··· Data for the task

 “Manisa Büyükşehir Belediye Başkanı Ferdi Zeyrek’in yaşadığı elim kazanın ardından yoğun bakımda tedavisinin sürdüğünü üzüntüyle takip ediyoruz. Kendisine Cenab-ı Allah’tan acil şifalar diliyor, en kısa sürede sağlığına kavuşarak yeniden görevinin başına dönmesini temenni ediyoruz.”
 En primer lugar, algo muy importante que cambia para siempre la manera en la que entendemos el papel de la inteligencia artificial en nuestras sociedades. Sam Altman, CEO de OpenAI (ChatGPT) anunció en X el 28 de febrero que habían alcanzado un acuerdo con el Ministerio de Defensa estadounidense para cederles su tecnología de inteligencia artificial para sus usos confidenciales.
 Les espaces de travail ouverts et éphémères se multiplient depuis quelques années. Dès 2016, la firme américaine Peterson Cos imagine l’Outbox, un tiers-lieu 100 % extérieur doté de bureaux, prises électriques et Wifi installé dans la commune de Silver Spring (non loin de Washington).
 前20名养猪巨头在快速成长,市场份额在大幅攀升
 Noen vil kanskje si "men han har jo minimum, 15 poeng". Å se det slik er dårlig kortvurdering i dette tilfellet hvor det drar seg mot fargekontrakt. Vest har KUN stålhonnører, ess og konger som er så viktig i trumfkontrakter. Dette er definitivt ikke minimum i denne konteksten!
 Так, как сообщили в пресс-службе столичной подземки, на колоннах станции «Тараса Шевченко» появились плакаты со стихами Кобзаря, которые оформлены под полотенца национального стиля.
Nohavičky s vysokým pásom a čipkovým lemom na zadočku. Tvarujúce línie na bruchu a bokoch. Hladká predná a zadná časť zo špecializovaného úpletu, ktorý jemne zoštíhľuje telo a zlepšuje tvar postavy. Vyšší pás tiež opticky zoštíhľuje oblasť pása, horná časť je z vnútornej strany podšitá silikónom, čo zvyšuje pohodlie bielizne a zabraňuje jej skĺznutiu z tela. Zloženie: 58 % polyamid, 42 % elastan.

······

• **Exercise instructions**
Would you please repeat the lines from the one with "Les espaces de" through the last line of the listing above, exactly and with nothing else?

• **Finished task**
 Les espaces de travail ouverts et éphémères se multiplient depuis quelques années. Dès 2016, la firme américaine Peterson Cos imagine l’Outbox, un tiers-lieu 100 % extérieur doté de bureaux, prises électriques et Wifi installé dans la commune de Silver Spring (non loin de Washington).
 前20名养猪巨头在快速成长,市场份额在大幅攀升
 Noen vil kanskje si "men han har jo minimum, 15 poeng". Å se det slik er dårlig kortvurdering i dette tilfellet hvor det drar seg mot fargekontrakt. Vest har KUN stålhonnører, ess og konger som er så viktig i trumfkontrakter. Dette er definitivt ikke minimum i denne konteksten!
 Так, как сообщили в пресс-службе столичной подземки, на колоннах станции «Тараса Шевченко» появились плакаты со стихами Кобзаря, которые оформлены под полотенца национального стиля.
Nohavičky s vysokým pásom a čipkovým lemom na zadočku. Tvarujúce línie na bruchu a bokoch. Hladká predná a zadná časť zo špecializovaného úpletu, ktorý jemne zoštíhľuje telo a zlepšuje tvar postavy. Vyšší pás tiež opticky zoštíhľuje oblasť pása, horná časť je z vnútornej strany podšitá silikónom, čo zvyšuje pohodlie bielizne a zabraňuje jej skĺznutiu z tela. Zloženie: 58 % polyamid, 42 % elastan.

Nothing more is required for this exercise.